The main species of tern found here are sandwich terns which thankfully, are easy to distinguish from the other species.

If you've ever seen an arctic and a common tern then you'll know what I'm talking about.

Common, arctic, sandwich and even roseate and sooty terns have all been spotted here although the common, arctic and sandwich are the most common species.

This year sandwich terns are definitely ruling the nest as far as numbers go.

tern2.jpg

The two islands in the lagoon at Cemlyn are home to thousands as well as a healthy population of black headed gulls.

The terns nest alongside these gulls for a reason. The black headed gulls are quite a feisty mob and although they will take a few tern eggs for food, they will also protect the area from larger predators such as greater black backed gulls.

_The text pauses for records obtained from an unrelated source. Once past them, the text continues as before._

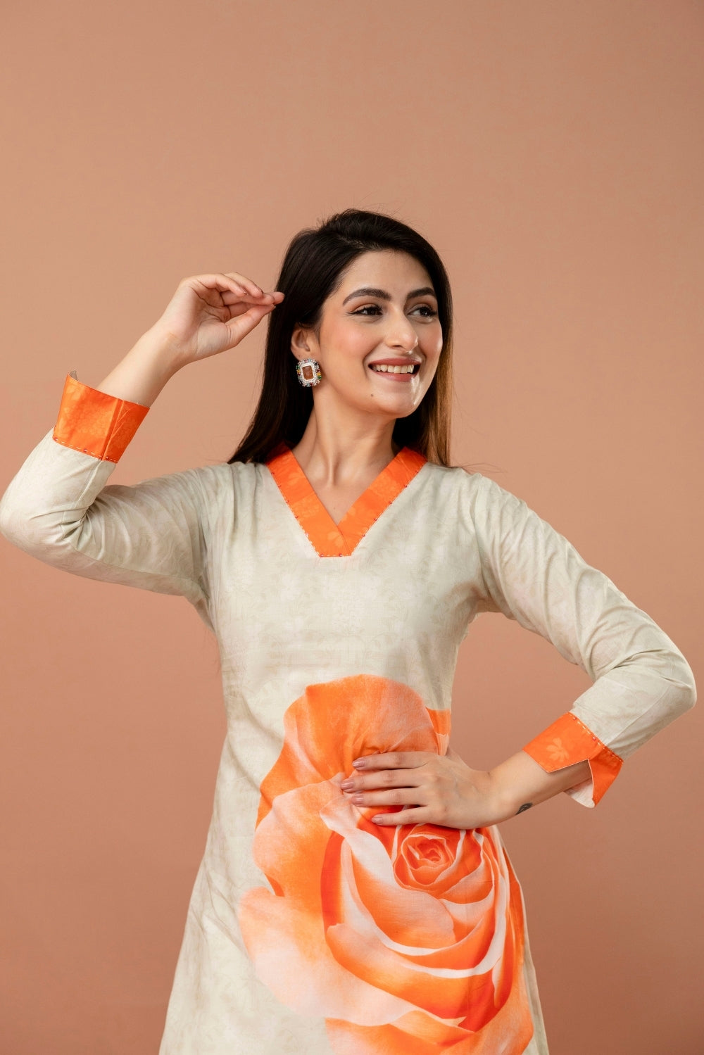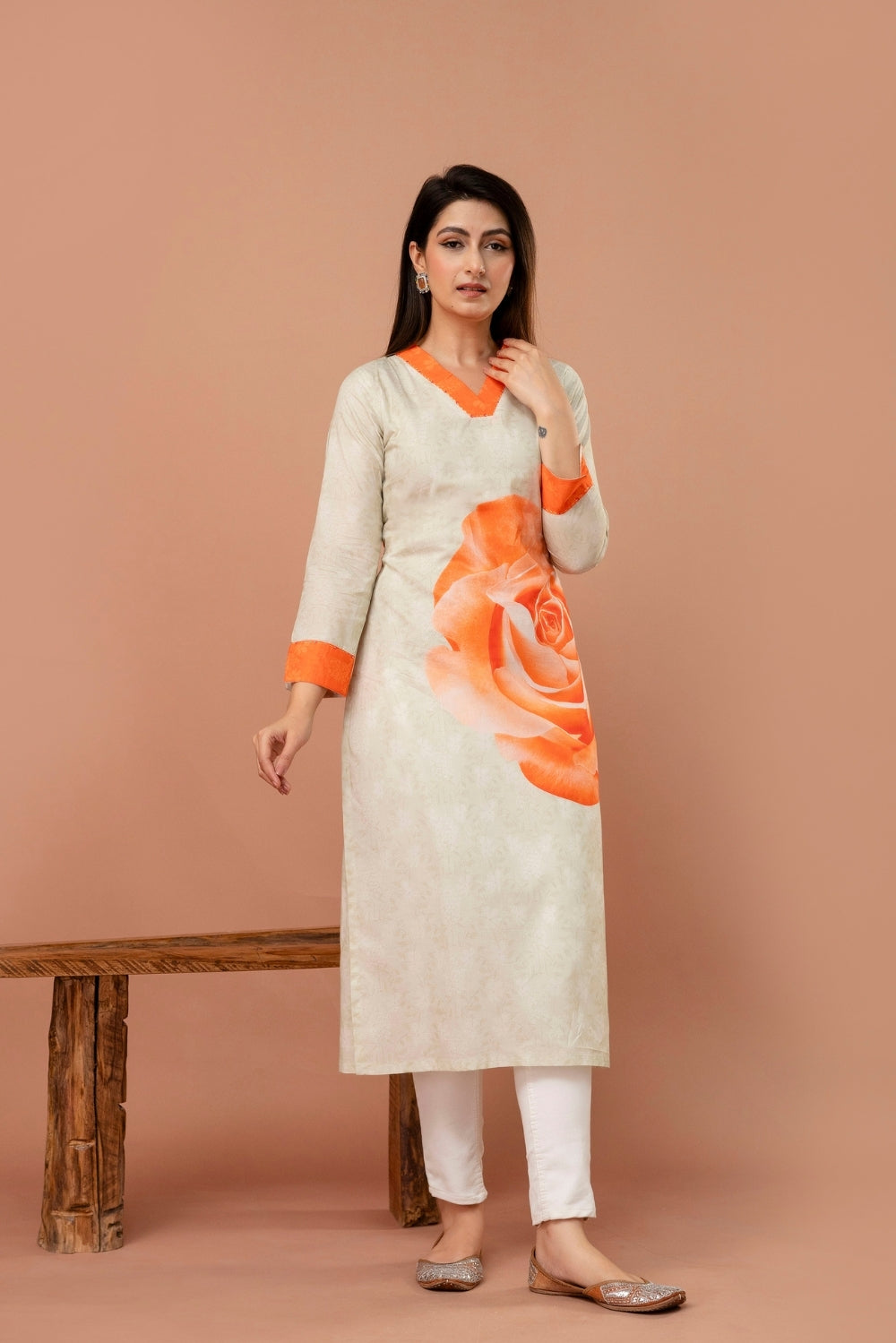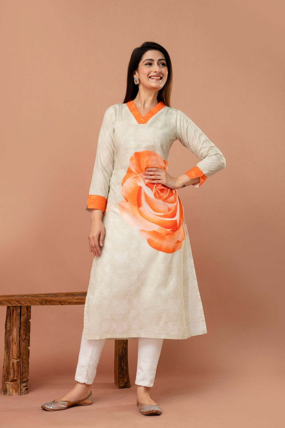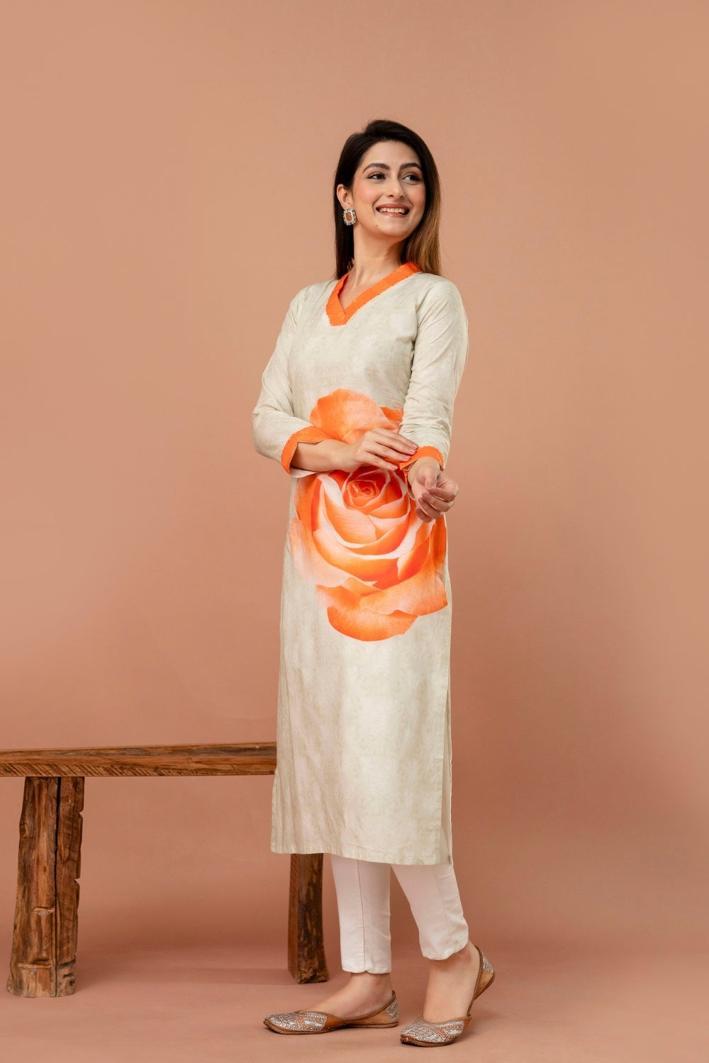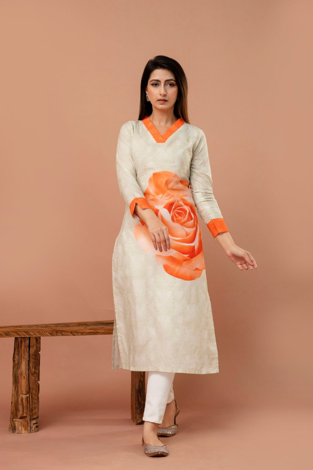 A timeless blend of elegance and vibrance, this ivory kurta is elevated by a striking orange rose motif that blooms beautifully across its front.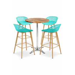 Designer bar stool, metal frame imitation of wood, seat and back in pastel green injected polypropylene. Available in other colors. We can offer similar chair and armchair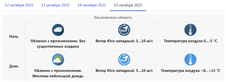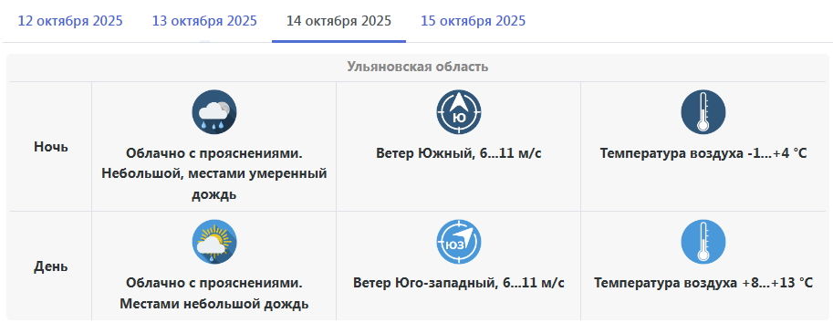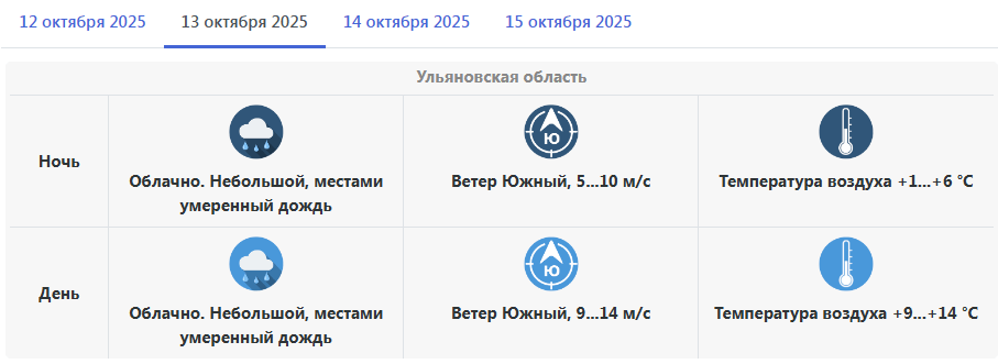 По прогнозу Гидрометцентра, в начале следующей рабочей недели в Ульяновской области с приближением атмосферных фронтов западного циклона атмосферное давление будет падать, ожидается облачная погода с небольшими дождями. В ночные часы температура воздуха в основном будет слабоположительной, днем не превысит +14°С.

It also struck me watching that there might be another reason: it can't be a coincidence that both the terns and gulls have black heads so I think they might also nest together for sheer safety in numbers?

tern3.jpg

When a predator flies over, the terns 'dread' which involves hundreds of them taking off at once and flying above the nest site which is very impressive to watch.

Sometimes they'll do this just for the hell of it but it's mainly done as a defensive tactic against birds of prey, gulls and grey herons etc

Roseate terns, little terns and even sooty terns have also passed through on occasion and the importance of this site can not be over stated as it is one of the last remaining locations in Wales where sandwich terns nest.